◆ **Problem details**
Starting at the line with "Nature Genetic" and going on through the line with "下午2点,张总亲自带领668", reproduce each line in the records below exactly and nothing more.

◆ **Records for the exercise**
--------------------

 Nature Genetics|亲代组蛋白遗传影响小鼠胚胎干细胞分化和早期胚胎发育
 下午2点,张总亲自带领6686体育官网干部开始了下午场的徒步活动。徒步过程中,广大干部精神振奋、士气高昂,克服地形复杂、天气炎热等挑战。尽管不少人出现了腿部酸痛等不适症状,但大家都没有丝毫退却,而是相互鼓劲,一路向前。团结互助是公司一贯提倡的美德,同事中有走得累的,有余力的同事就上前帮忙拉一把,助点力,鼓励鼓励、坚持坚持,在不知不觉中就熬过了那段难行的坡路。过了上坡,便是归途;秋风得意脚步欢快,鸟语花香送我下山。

--------------------

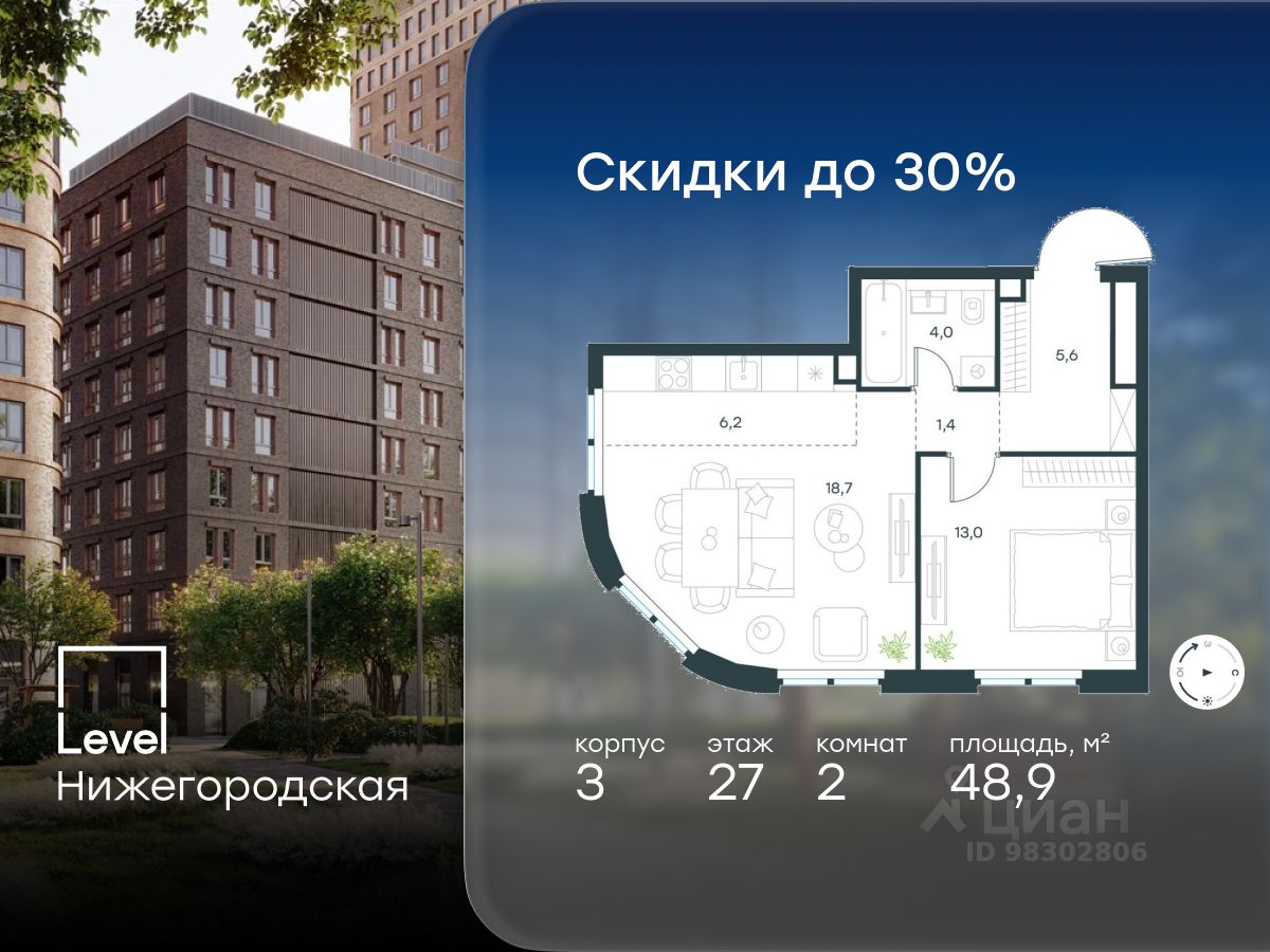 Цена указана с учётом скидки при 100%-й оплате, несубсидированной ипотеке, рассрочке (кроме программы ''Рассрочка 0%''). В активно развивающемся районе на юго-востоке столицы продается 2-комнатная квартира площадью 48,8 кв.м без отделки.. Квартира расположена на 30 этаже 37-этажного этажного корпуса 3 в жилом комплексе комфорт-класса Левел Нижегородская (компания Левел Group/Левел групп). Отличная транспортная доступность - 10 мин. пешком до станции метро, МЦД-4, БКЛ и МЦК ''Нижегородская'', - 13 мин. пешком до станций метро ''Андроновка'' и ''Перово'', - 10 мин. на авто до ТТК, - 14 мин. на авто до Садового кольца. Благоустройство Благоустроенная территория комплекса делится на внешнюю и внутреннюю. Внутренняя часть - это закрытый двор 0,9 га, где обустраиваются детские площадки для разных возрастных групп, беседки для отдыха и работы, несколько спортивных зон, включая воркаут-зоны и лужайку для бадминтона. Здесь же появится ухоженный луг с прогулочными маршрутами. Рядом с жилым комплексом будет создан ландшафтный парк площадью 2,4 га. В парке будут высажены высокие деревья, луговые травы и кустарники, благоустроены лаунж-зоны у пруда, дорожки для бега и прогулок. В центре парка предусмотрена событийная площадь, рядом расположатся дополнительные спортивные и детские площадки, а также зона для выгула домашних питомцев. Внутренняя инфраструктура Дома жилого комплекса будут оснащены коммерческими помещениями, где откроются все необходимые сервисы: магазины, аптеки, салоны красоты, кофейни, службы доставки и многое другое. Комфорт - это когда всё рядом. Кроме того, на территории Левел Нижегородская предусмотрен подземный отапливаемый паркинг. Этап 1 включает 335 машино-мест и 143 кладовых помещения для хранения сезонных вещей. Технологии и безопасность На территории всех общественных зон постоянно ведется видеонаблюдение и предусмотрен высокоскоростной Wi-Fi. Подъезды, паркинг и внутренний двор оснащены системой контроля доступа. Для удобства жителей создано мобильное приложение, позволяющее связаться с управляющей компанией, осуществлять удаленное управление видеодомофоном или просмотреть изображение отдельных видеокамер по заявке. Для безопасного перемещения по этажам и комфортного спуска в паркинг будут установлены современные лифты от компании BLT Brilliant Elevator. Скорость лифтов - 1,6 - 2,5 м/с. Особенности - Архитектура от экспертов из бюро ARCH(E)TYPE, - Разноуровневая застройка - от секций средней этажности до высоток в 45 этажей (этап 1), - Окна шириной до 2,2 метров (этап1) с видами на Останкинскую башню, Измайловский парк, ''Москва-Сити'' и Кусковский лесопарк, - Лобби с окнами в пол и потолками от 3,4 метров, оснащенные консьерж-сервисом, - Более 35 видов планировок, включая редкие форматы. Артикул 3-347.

--------------------

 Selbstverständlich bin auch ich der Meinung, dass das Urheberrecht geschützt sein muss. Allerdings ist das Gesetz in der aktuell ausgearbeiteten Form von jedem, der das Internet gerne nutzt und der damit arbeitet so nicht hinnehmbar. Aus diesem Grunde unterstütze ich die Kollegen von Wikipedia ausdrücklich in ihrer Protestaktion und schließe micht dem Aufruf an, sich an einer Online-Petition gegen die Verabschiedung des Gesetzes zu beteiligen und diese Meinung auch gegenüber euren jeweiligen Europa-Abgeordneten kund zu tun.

--------------------

◆ **Result**
 Nature Genetics|亲代组蛋白遗传影响小鼠胚胎干细胞分化和早期胚胎发育
 下午2点,张总亲自带领6686体育官网干部开始了下午场的徒步活动。徒步过程中,广大干部精神振奋、士气高昂,克服地形复杂、天气炎热等挑战。尽管不少人出现了腿部酸痛等不适症状,但大家都没有丝毫退却,而是相互鼓劲,一路向前。团结互助是公司一贯提倡的美德,同事中有走得累的,有余力的同事就上前帮忙拉一把,助点力,鼓励鼓励、坚持坚持,在不知不觉中就熬过了那段难行的坡路。过了上坡,便是归途;秋风得意脚步欢快,鸟语花香送我下山。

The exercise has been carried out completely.